The Voynich Ninja

Pages: 1 2 3 4 5

Thanks for this - many things to comment on.

Quote:1) There is a reference to the paper of Daruka (2020) on page 3 but there is only a comment: "Daruka (2020) likewise comes to the conclusion that the Voynich Manuscript is a hoax and contains gibberish, though created by different means than those suggested by Rugg". By which different means Daruka comes to the same conclusions is not shown or discussed.

yep - word limits.

Quote:2) Daruka (2020) is referencing to arguments presented by Schinner (2007), Timm (2014), Timm (2016) and Timm & Schinner (2020). These arguments are not mentioned and the results presented there are not discussed. This way some important arguments for a structured pseudo-text hypotheses are not discussed.

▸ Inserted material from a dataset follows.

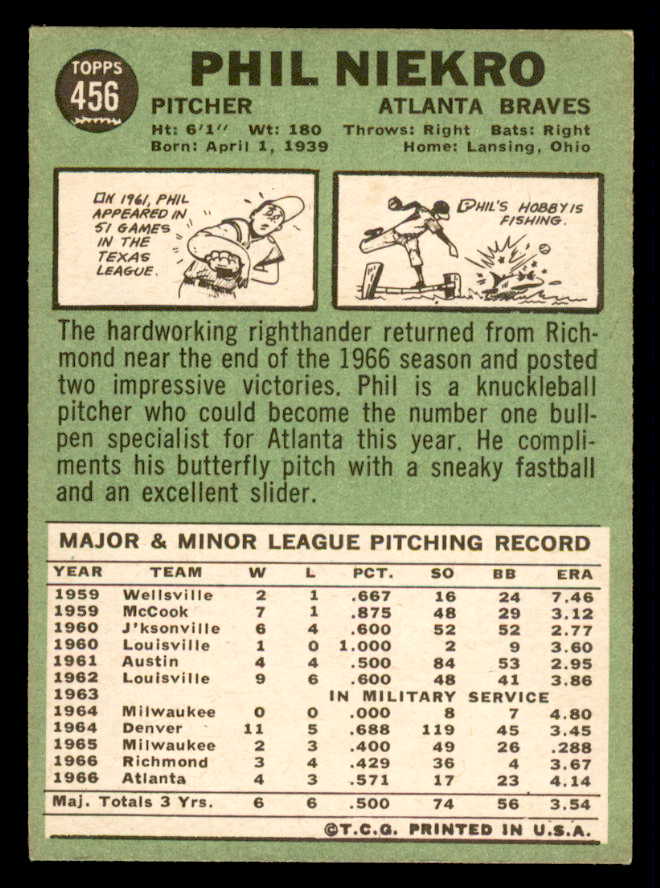 1967 Topps Baseball #456 Phil Niekro Braves EX+/EX-MT 540965

I've added reference to your work. But please understand (like in the language theories section) there are many many many possible papers to discuss and naturally many members of this forum are likely to feel left out that we weren't able to give their work citation or extensive discussion.

Quote:4) The paper argues that "gibberish is by nature random" (Bowern & Lindemann 2020, p. 4). There is no reference given for this statement. Moreover, this statement is contradicted by an experiment that is described on p. 5.

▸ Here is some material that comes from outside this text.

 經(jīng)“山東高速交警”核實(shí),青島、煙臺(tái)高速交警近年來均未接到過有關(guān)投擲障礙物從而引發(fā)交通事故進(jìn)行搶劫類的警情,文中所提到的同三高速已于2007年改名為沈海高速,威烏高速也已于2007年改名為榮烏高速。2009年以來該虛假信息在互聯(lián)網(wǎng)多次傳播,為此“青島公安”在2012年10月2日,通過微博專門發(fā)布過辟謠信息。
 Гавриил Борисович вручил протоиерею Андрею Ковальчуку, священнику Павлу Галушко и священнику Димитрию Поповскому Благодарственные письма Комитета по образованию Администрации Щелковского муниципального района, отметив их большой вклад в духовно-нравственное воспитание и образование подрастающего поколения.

I don't see a contradiction here. "Gibberish" is a cover term for many different text creation processes where there's no underlying syntactic structure.

Quote:5) The paper argues that the text behaves "non-language like at the character level" but "above the word to line and paragraph, as well as in the distribution of words across the manuscript, it looks like a natural language" (Bowern & Lindemann 2020, p. 4). This two observations contradict each other. The presented conclusion is therefore at least surprising: "This strongly implies that the manuscript is encoded natural language".

No, it implies that there is discourse and syntactic structure but the method of forming words makes the character-level statistics look non-language-like. Which is in itself a result. Furthermore, these sort of discourse properties are difficult (if not impossible) to fake, whereas it's pretty easy to make character-level changes that affect bigram frequency statistics (nulls, and mergers, for example).

Quote:9) The paper argues that Currier A and B did use two different methods to encode natural language or did encode two different languages. Unfortunately the observation that common words used in Currier A like <daiin> also occur frequently in Currier B but not vice versa is not addressed in this context (see Timm & Schinner 2020, p. 7).

We don't actually argue that - in that we don't present much information about it. We assert it based on others' work.

Quote:10) The paper argues with "Moving average type token ratio" (MATTR) (Bowern & Lindemann 2020, p. 14) and even argues "Voynich most closely resembles the averages for Germanic and Iranian, and least resembles those for Turkic, Dravidian, and Kartvelian". But the paper does not say if the MATTR analyses was done for the whole manuscript or only for Currier A or B. Since the paper argues that Currier A and B did encode language differently it would be important to know what the MATTR-results stand for and if Currier A and B behave differently.

I will check this but from memory we did look at this, and I don't think the results were very different.

Quote:11) The paper argues again "we find Voynich to be well within the expected values for natural language texts, and far from random gibberish" (Bowern & Lindemann 2020, p. 16). Unfortunately, nobody argues that the text represents random gibberish.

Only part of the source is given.